The Story of a Mother (Historien om en moder) is a tale by the Danish poet, travel writer, fairy tale writer, and novelist Hans Christian Andersen (1805-1875). The tale was first published in December 1847, and has been adapted for the stage and screen multiple times.

==Summary==

During winter, a mother is tending to her sick child when Death comes to her house as an old man begging for food and shelter which the woman provides. For three days and three nights, the mother doesn't sleep as she looks after her child whose cradle Death gently rocks. When the exhausted mother sleeps, Death takes her child away.

The mother wakes up and begins searching for her child.
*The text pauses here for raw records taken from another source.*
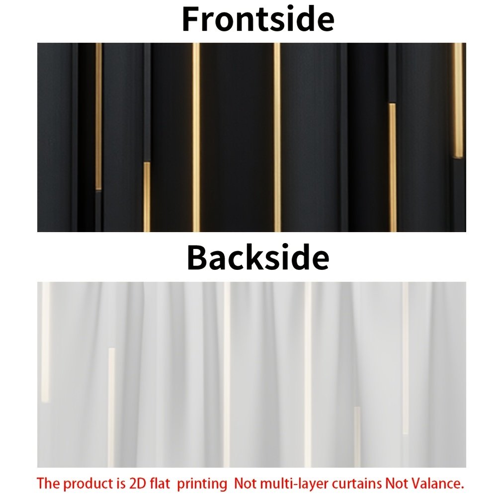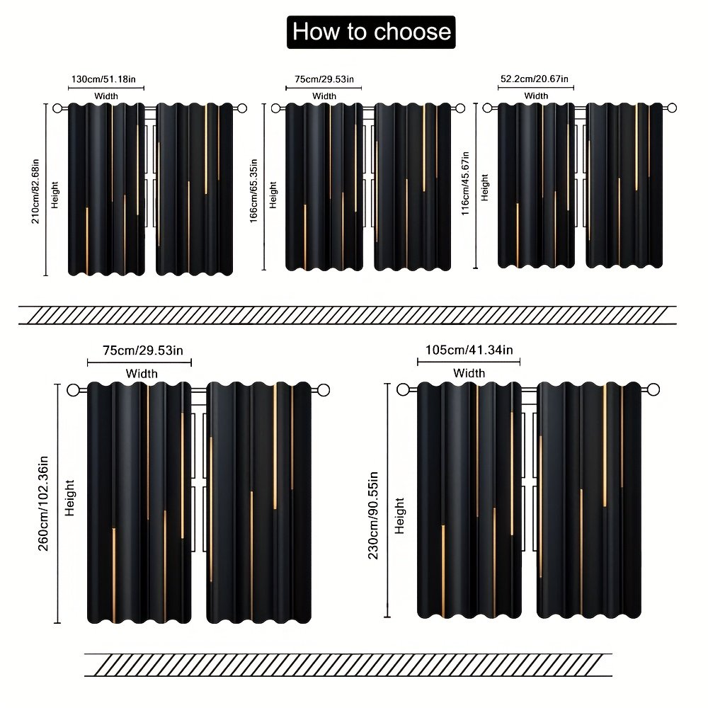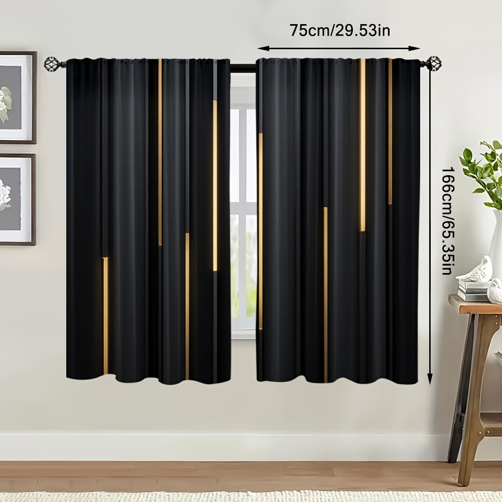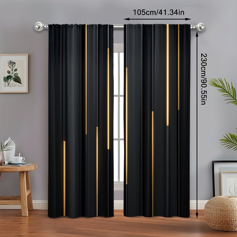 2D Flat – 2pcs Elegant Black and Golden Vertical Stripe Curtains | Polyester, Semi-Sheer, Machine Washable, Rod Pocket Style, Contemporary Design for Living Room, Bedroom & Study Decor
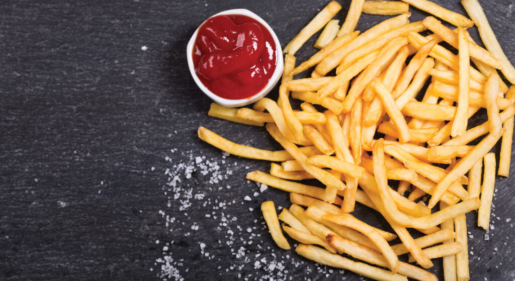 Hot Dog with ketchup, mustard & fried onions
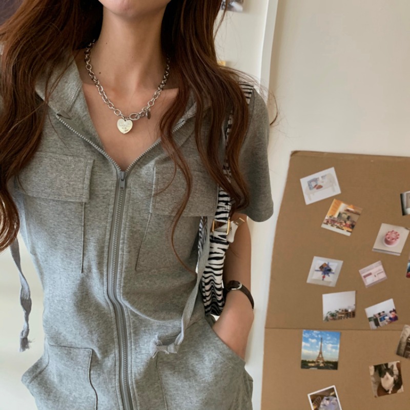| nameOriginal | Ins Fashion Zipper Dress Women's 2024 New Summer Korean Style Western Style Loose Casual Short Sleeve Hooded Top |
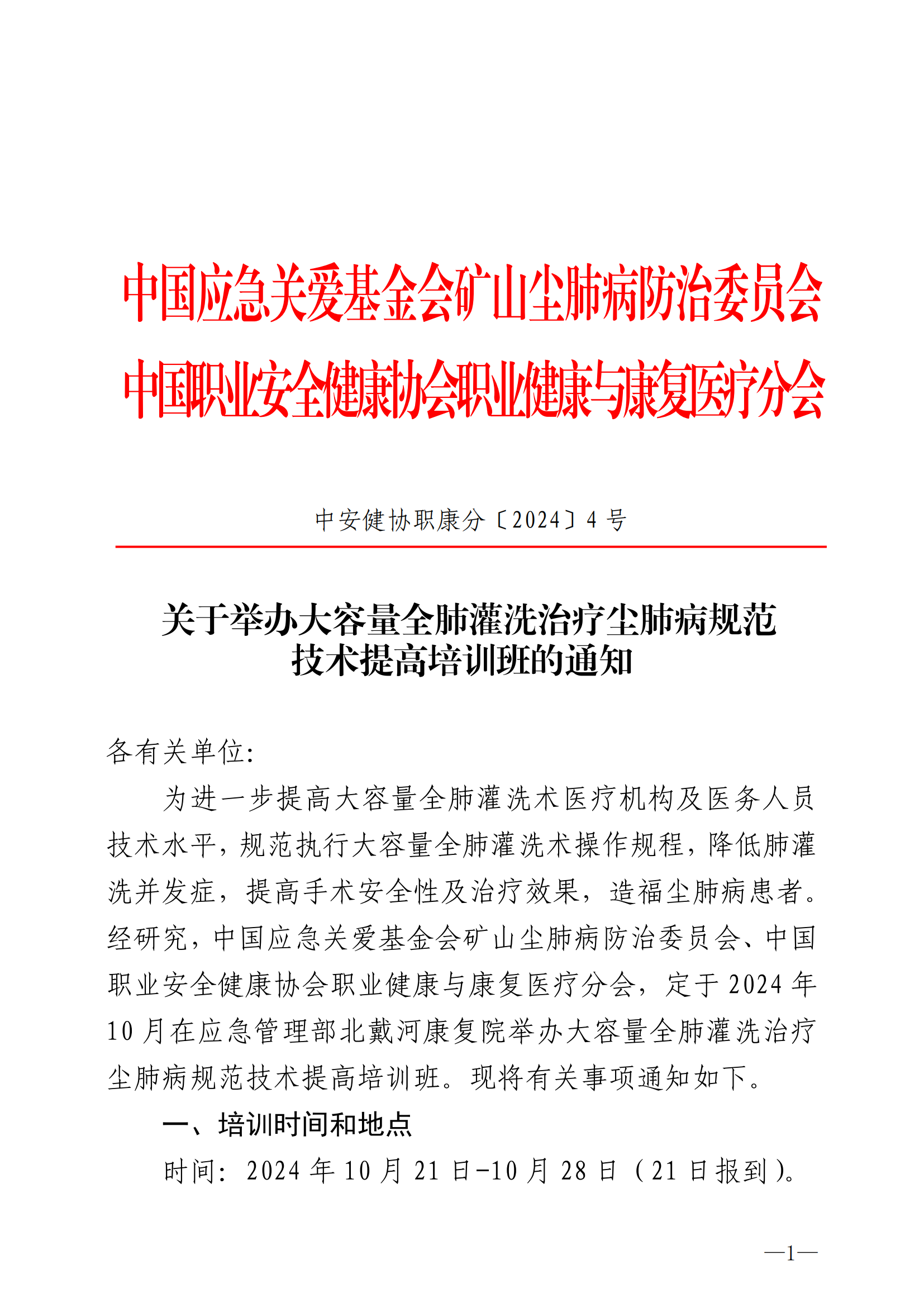 关于举办大容量全肺灌洗治疗尘肺病规范技术提高培训班的通知

She meets Night in the form a black-dressed woman who reveals the old man's identity to her. In exchange for directions, the mothers sings lullabies to Night who tells her to go into the woods.

At a crossroad in the woods, a blackthorn bush requests to be warmed by the mother's heart. After the mother lets her skin be pricked and pierced by the thorns, the blackthorn bush blossoms and tells her which path to take.

The mother arrives at a lake, but there are no boats for her to ride and the ice is too thin for her to cross. In exchange for the mother's eyeballs, the lake brings her to Death's greenhouse.

The now blind mother is greeted by the old white-haired woman who tends to Death's greenhouse. The old woman reveals that every plant inside Death's greenhouse is a person's soul which he transplants when they die; the old woman also instructs the mother to listen carefully for her child's heartbeat in exchange for her long black hair. Given the old woman's white hair in return, the blind mother finds her child's soul in the form a small blue crocus.

When Death shows up, the mother threatens to uproot other flowers, but backs down when Death warns her she will break other parents' hearts. Death gives the mother her eyes back and commands her to look into a well. In the water, she sees the futures of two children: one is happy and loved while the other is miserable and in despair. Death explains that both futures are the will of his master, God, and one of the two destinies is her own child's.

Rather than allow her child to suffer longer, the mother prays to God as she lets Death bring her child's soul to the afterlife.

==In popular culture==
===Films===
- Historien om en moder (1949), a Danish film directed by Max Louw.
- Historien om en moder (1963), a Danish film directed by Erik Kirchner, Erik Mortensen and Jørgen Thoms.
- "Ganbare mama (Don't Give Up, Mother)" (1971), an episode of the Japanese anime series Andersen Monogatari, directed by Masami Hata.
- Historien om en moder (1977), a Danish stop-motion animation film directed by Jørgen Vestergaard.
- The Story of a Mother (1979), a Danish film directed by Claus Weeke.
- Death and the Mother (1988), an English silent animated short film adaptation directed by Ruth Lingford.
- Historia de una madre (2003), a Mexican film directed by Erik Mariñelarena.
- Historien om en mor (2005), a Danish TV movie directed by Svend Ploug Johansen.
- The Story of a Mother (2010). an Italian short film produced and directed by Alessandro De Vivo and Ivano di Natale.

===Comics===
- The Story of a Mother (2004), a Danish graphic novel by Peter Madsen.

===Music===
- "Die Geschichte einer Mutter" (1992), a song by Norwegian band Bel Canto from their 1992 album Shimmering, Warm and Bright.
- American metal band Revocation made a song, "Cradle Robber", from their 2011 album Chaos of Forms, which is inspired by the story.
- "Mater Dolorosa" (1934), an opera in four tableaux by Daniel Sternefeld.
- "The Mother" (1961), an opera in one act by Stanley Hollingsworth.

===Art===
- Death and the Mother

==See also==
- The Garden of Death, Finnish artist Hugo Simberg's 1896 painting which depicts Death as three skeletal gardeners tending to flowers that symbolise mortal souls.